What the exercise asks – The listing below contains a span that opens with the line containing "Travesseiro com o" and closes with the line containing "ღ THÔNG TIN". Return that span exactly.
************
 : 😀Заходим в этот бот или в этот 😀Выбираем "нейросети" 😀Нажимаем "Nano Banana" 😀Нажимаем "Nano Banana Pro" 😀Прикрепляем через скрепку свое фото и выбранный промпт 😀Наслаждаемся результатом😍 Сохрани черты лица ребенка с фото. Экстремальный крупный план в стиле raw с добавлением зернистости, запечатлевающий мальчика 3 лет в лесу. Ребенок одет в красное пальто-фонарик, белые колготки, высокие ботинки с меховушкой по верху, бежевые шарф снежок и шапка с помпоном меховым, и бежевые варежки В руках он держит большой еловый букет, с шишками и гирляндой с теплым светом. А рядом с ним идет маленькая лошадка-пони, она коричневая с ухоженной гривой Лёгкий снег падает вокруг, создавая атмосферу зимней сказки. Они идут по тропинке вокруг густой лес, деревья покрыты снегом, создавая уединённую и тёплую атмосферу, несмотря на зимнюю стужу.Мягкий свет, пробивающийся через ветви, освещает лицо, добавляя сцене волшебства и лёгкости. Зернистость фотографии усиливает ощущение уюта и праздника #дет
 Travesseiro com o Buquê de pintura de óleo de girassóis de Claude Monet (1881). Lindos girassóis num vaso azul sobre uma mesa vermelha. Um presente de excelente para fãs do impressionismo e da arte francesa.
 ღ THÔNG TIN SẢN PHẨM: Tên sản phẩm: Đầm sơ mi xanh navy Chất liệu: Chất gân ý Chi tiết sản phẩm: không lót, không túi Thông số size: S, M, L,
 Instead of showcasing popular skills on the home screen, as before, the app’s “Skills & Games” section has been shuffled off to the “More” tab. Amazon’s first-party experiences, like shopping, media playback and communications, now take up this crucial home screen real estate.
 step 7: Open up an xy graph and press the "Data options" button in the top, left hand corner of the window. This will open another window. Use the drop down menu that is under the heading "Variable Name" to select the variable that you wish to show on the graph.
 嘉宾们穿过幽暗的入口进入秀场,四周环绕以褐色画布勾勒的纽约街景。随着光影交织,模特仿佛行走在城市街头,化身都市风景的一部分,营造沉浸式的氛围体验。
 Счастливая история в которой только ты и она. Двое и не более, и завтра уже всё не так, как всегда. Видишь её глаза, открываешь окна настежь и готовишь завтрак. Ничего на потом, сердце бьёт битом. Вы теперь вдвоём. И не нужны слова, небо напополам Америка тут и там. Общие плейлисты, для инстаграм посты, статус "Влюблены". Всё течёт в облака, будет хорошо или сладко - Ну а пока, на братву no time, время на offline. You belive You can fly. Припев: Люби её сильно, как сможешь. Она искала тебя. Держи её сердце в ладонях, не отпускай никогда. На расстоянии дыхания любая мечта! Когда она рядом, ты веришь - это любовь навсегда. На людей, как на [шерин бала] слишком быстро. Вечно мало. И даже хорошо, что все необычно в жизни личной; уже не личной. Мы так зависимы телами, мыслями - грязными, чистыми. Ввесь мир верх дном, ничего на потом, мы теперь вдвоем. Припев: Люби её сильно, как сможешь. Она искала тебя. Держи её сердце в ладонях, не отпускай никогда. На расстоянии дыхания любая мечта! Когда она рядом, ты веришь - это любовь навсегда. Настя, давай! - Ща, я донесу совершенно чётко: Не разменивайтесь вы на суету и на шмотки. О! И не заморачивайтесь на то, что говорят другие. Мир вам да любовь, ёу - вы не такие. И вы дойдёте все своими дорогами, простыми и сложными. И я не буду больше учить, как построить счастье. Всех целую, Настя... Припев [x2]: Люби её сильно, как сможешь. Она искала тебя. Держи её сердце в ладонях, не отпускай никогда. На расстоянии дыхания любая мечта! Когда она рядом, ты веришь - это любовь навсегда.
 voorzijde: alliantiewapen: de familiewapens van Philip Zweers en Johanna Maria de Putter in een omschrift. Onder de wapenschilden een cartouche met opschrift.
************
Expected answer –
 Travesseiro com o Buquê de pintura de óleo de girassóis de Claude Monet (1881). Lindos girassóis num vaso azul sobre uma mesa vermelha. Um presente de excelente para fãs do impressionismo e da arte francesa.
 ღ THÔNG TIN SẢN PHẨM: Tên sản phẩm: Đầm sơ mi xanh navy Chất liệu: Chất gân ý Chi tiết sản phẩm: không lót, không túi Thông số size: S, M, L,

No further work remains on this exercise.